Let X and Y denote the population of two different chemicals

Let X and Y denote the population of two different chemicals found in a sample mixture of chemicals used as an insecticide.
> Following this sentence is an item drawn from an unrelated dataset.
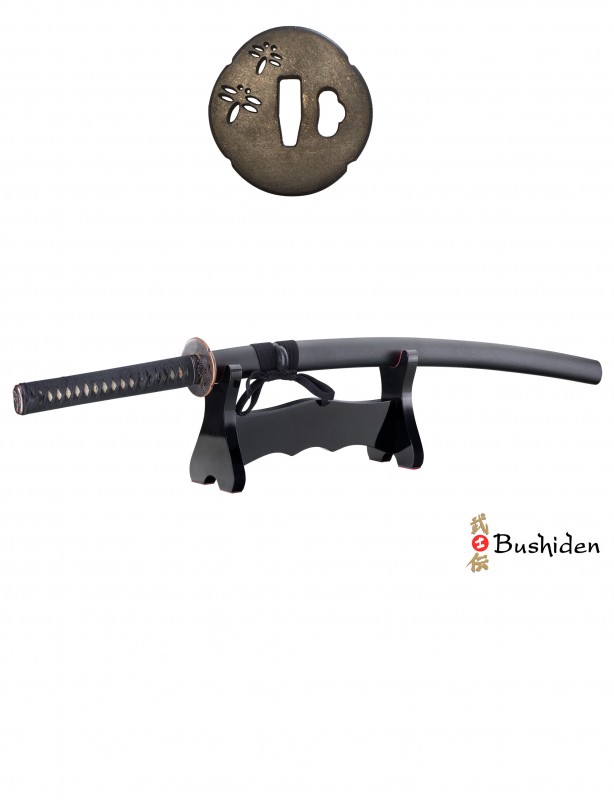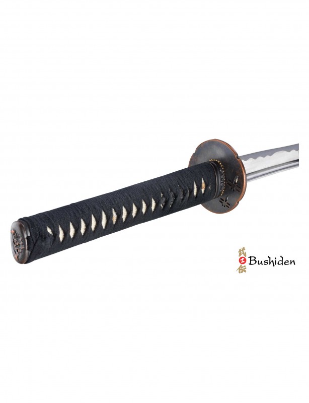 2 Menuki: Laiton avec revêtement de surface noir. Un de chaque coté, montés de manière traditionnelle.
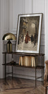 Nastrojowy plakat w stylu vintage celebrujący Cyganerię Giacomo Pucciniego: zimowy wieczór w śniegu i świetle księżyca, podczas którego mała grupa gromadzi się przed fasadą teatru. Czerwone akcenty przełamują chłód, sylwetki drzew otaczają scenę, a na ilustracji historycznej można wyczuć pieśń, przyjaźń i poezję wielkiego miasta. Hołd dla romantyzmu, magii opery i zimowej poezji.

Suppose X1 and X2 have joint pdf given by f(x,y) = { 2 for 0 LE x LE 1,0 LE y LE 1,0 LE x + Y LE 1, elsewhere Find Pr (X Le 2/3, Y LE 2/3); Find Pr (X LE 1/2, Y LE 1/4); Find Pr (X LE 1/2 Y LE 1/2); Find marginal densities for X and Y.

Solution

a)

P(X<=2/3, Y<=2/3)
= twice integrate over region x<=2/3, y<=2/3 of f(x, y) dA
= twice integrate over region x<=2/3, y<=2/3, 0<= x <= 1, 0<=y<=1, 0<= x+y <= 1 of 2 dA

= integral from 0 to 1/3 integral from 0 to 2/3 of 2 dydx
+ integral from 1/3 to 2/3 integral from 0 to 1-x of 2 dydx

= (1/3)(2/3)(2) + 2(1/2)(-1)[(1 - (2/3))^2 - (1 - (1/3))^2]
= 4/9 - (1/9 - 4/9)
= 7/9. Answer

2)

P(X<=1/2, Y<=1/4)
= twice integrate over region x<=1/2, y<=1/4 of f(x, y) dA
= twice integrate over region x<=1/2, y<=1/4, 0<= x <= 1, 0<=y<=1, 0<= x+y <= 1 of 2 dA
= integral from 0 to 1/2 integral from 0 to 1/4 of 2 dydx
= (1/2)(1/4)(2)
= 1/4. Answer

3)

P(X<= 1/2|Y <= 1/2)

= P(X<= 1/2, Y <= 1/2) / P(Y <= 1/2).

P(X<=1/2, Y<=1/2)
= twice integrate over region x<=1/2, y<=1/2 of f(x, y) dA
= twice integrate over region x<=1/2, y<=1/2, 0<= x <= 1, 0<=y<=1, 0<= x+y <= 1 of 2 dA
= integral from 0 to 1/2 integral from 0 to 1/2 of 2 dydx
= (1/2)(1/2)(2)
= 1/2.

P(Y<=1/2)
= twice integrate over region y<=1/2 of f(x, y) dA
= twice integrate over region y<=1/2, 0<= x <= 1, 0<=y<=1, 0<= x+y <= 1 of 2 dA
= integral from 0 to 1/2 integral from 0 to 1-y of 2 dxdy
= 2(1/2)(-1)[(1 - (1/2))^2 - (1 - 0)^2]
= -(1/4 - 1)
= 3/4.

Hence , , P(X<= 1/2|Y <= 1/2) = (1/2) / (3/4) = 2/3 Answer.